We investigate the effect of heat treatment on the structure of carbide-derived carbons (CDC) prepared by chlorination from nanosized beta SiC particles and on their methane as well as hydrogen storage and delivery performance. Pore size and pore wall thickness distributions of the CDCs are obtained from interpretation of argon adsorption data using the finite wall thickness (FWT) model. The adequacy of the FWT model for adsorption modeling in the SiC-CDC samples is demonstrated by satisfactory prediction of subatmospheric and high pressure adsorption isotherms of CO2 and CH4 at 313 and 333 K. From the characterization results, it is observed that the SiC-CDC particles are predominantly amorphous with slight graphitization of the external surface.

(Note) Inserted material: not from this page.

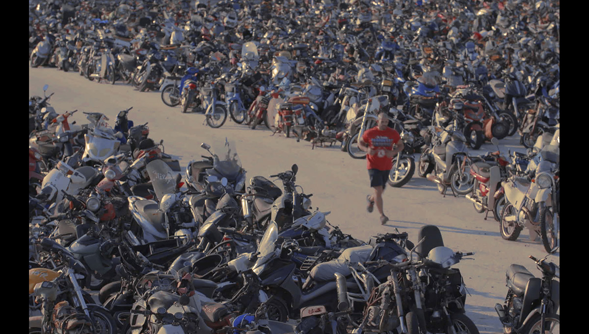 Critique : Des plans grand-angle, méticuleusement composés, voient passer la petite silhouette de ce Sisyphe moderne. L’homme court. Sous un pont, dans une casse de motos, au bord d’un lac, devant un cimetière, il court. Petit homme dans le vaste paysage, Panos cherche la liberté, ou plutôt la libération. De quoi ? Nul ne semble le savoir, pas même lui.

The degree of graphitization is more pronounced in the sample prepared at 1000 degrees C and increases slowly with heat treatment time. During this time the accessibility of methane molecules is found to increase, as a result of short-range ordering and opening up of pore entrances. Nevertheless, methane storage capacity is unsatisfactory, despite the high surface area and porosity, clue to accessibility problems. On the other hand improvement in high pressure H-2 uptake (4.61 wt % at 77 K) is obtained for SiC-CDC chlorinated at 800 degrees C and heat treated for one day. The recently predicted optimal delivery temperature of 115 K for hydrogen storage is found to be appropriate for this material. It is demonstrated that accessibility is an important issue to be addressed for methane storage in carbons, but which has hitherto not received attention for this application.